Data gathering is the first step in the implementation process. The dataset phase is crucial in order to guarantee error-free findings. The details will aid in the explanation and clarification of phishing as well as lawful activity. All of the characteristics that were retrieved from the UCI repository are shown in Fig. 1. A compilation of 57 phishing websites’ attributes has been made.
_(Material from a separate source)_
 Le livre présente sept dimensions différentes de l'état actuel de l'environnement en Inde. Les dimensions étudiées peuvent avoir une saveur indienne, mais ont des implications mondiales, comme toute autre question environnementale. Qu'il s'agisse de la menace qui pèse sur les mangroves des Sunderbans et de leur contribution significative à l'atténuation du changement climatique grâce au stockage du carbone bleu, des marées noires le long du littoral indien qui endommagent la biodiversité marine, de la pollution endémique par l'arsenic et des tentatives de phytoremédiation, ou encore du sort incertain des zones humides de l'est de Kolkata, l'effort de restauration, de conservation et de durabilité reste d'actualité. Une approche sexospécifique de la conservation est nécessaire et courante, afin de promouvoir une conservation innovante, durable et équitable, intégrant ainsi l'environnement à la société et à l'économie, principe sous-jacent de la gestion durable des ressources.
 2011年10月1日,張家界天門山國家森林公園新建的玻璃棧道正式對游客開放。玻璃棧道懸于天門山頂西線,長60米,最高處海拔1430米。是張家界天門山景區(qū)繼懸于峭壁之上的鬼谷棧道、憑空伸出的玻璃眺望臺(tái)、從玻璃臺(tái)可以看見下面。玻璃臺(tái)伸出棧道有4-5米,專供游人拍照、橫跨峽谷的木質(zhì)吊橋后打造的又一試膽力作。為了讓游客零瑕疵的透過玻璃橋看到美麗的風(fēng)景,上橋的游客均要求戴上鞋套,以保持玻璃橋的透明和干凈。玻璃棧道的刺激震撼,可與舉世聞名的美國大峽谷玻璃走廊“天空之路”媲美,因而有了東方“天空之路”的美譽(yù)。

The categorical variables in the recovered dataset, “Legitimate” and “Phishy”, have had their numerical values replaced with “1” and “ − 1”, respectively.

3.1 Machine learning techniques

Machine learning algorithms: The comma-separated values (CSV) file format was utilised in this investigation. The input file was examined by the Java and Python programmes. Three different machine learning classification techniques were employed to categorise the URL from the input URL collection.
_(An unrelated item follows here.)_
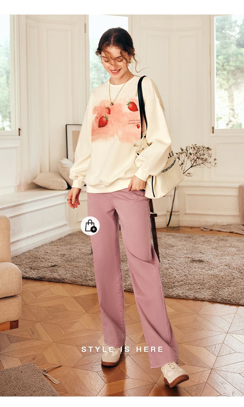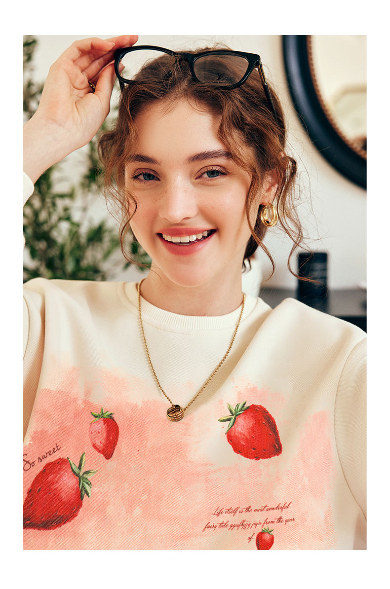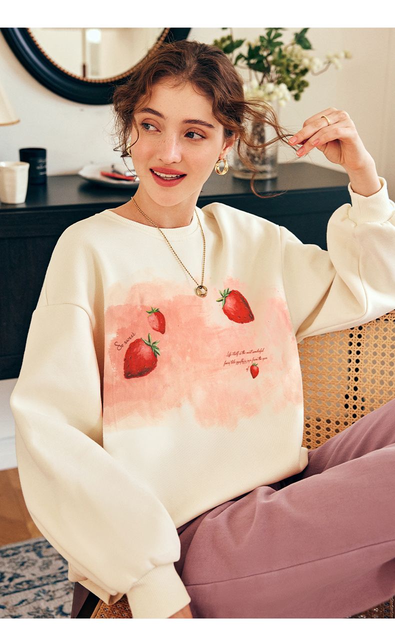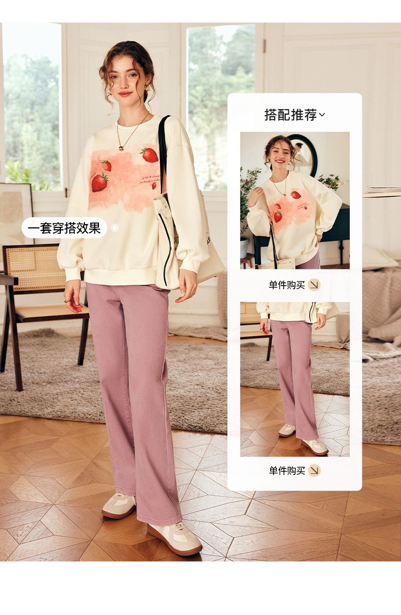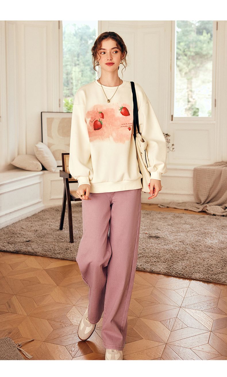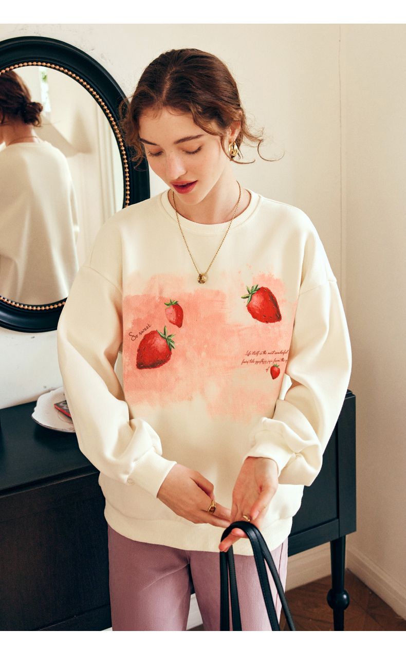 OLrain欧芮儿法式圆领卫衣女早春2023年新款宽松慵懒趣味印花上衣

Adaboost: Let’s once again see all the steps taken in AdaBoost.

1.
Generate system and make predictions.
2.
Marked large weights to miss-classified points.
3.
Generate next system.
4.
Repeat steps 3 and 4.
5.
Make a final model using the weighted average of individual models (Solomatine et al. 2004).
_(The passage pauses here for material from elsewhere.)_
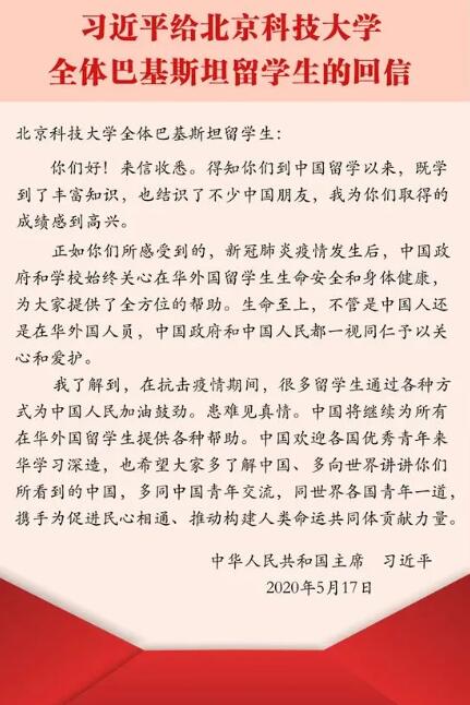 2020年5月17日,国家主席习近平给北京科技大学全体巴基斯坦留学生回信,对各国优秀青年来华学习深造表示欢迎,鼓励他们多同中国青年交流,同世界各国青年一道,携手为促进民心相通、推动构建人类命运共同体贡献力量。

Gradient boosting algorithm:

1.
Evaluate average of the target values from target label
2.
Calculate the residuals values from proceeding formula:
$$\lbrack Residual=Actual\;value-Predicted\;value\rbrack$$
3.
Now construct a decision tree with the goal of predicting the residuals.
4.
The target level values predicted by trees within the ensemble.
5.
Calculated new residuals values.
6.
Repeat steps 3 to 5 until the number of iterations matches the number specified by the hyperparameter (i.e., number of estimators).
7.
Once trained, use all of the trees in the ensemble to make a final prediction as to the value of the target variable (Bikmukhametov and Jäschke 2019).

XG boost algorithm:

1.
Generate a single leaf tree.
2.
Calculate residuals values from prediction in previous tree.
3.
Calculate the similarity score from appropriate node.
4.
Also calculate Information gain.
5.
Generate tree of desired length by previous pattern.
6.
Predict the residual values by decision tree.
7.
Calculate new residuals values.
8.
Go back to step 1 and repeat the process for all the trees (Chen et al. 2021).

3.2 Proposed method

The dataset for this paper was obtained using three separate techniques. Figure 2 displays the model phishing dataset that has been recommended. Machine learning classifiers are used in it. Classifiers are trained using the first and second datasets and subsequently tested using the third combined dataset. The three components of the phishing detection system finally compare the results. In Figs. 2, 3, 4, 5, 6, 7, and 8, we examined the model's performance via three distinct lenses. The best prediction performance was achieved by XGBoost, which was followed by gradient boosting and Adaboost. Using a feature selection technique, the most important traits for successful phishing website detection are selected in this study. This is done to make sure that every legitimate website and phishing website has a distinct layout. The machine learning classifier that has been trained and evaluated comes next. The output of the machine learning classifiers will be the basis for the phishing detection model. Finally, this approach was used to test phishing websites.

4 Results

4.1 Experiment 1

Figure 3 used Pearson’s correlation coefficients to analyse the relationships between phishing features. We multiply the variables for the sum and divide the sum to get the correlation coefficient for the findings. To demonstrate if a variable has a high or low correlation with another, a correlation matrix may be displayed (Saidi et al. 2019).

Models for the machine learning classifiers XGBoost (0.909, 61.7, 94.9, 87.5), gradient boosting (0.899, 57.3, 96.0, 86.4), and Adaboost (0.880, 62.2, 92.3, 85.6) are shown in Fig. 4. The analysis for the first organised phishing dataset using classifiers is shown in Fig. 3. According to the findings, XGBoost classifiers had the best AUC, sensitivity, and accuracy—85.6%, 62.2%, and 0.909%, respectively.

4.2 Experiment 2

The second phishing dataset is shown by Pearson correlation in Fig. 5. The correlation coefficient is calculated using the X and Y axis variables. The significance of correlation and Pearson’s correlation coefficients were examined in Fig. 5 in regard to high and low correlations with one another (Chaurasia and Pal 2020; Yadav and Pal 2020).

Figure 6 shows the models for the machine learning classifiers XGBoost (0.892, 56.8, 94.9, 86.4), gradient boosting (0.889, 57.5, 94.7, 85.4), and Adaboost (0.878, 49.6, 96.8, 84.3.) in terms of AUC, sensitivity, specificity, and accuracy. The first organised phishing dataset employing classifiers is analysed in Fig. 6. The findings showed that XGBoost classifiers had the best accuracy, with an AUC of 0.892% and an accuracy rate of 86.4%, respectively.

4.3 Experiment 3

The third organised phishing dataset by Pearson correlation is shown in Fig. 7. The correlation coefficient is assessed by multiplying, dividing, and determining if there is a high or low correlation between the variables. Pearson’s correlation coefficients and the significance of correlation were examined in Fig. 7 (Chaurasia and Pal 2014, 2022).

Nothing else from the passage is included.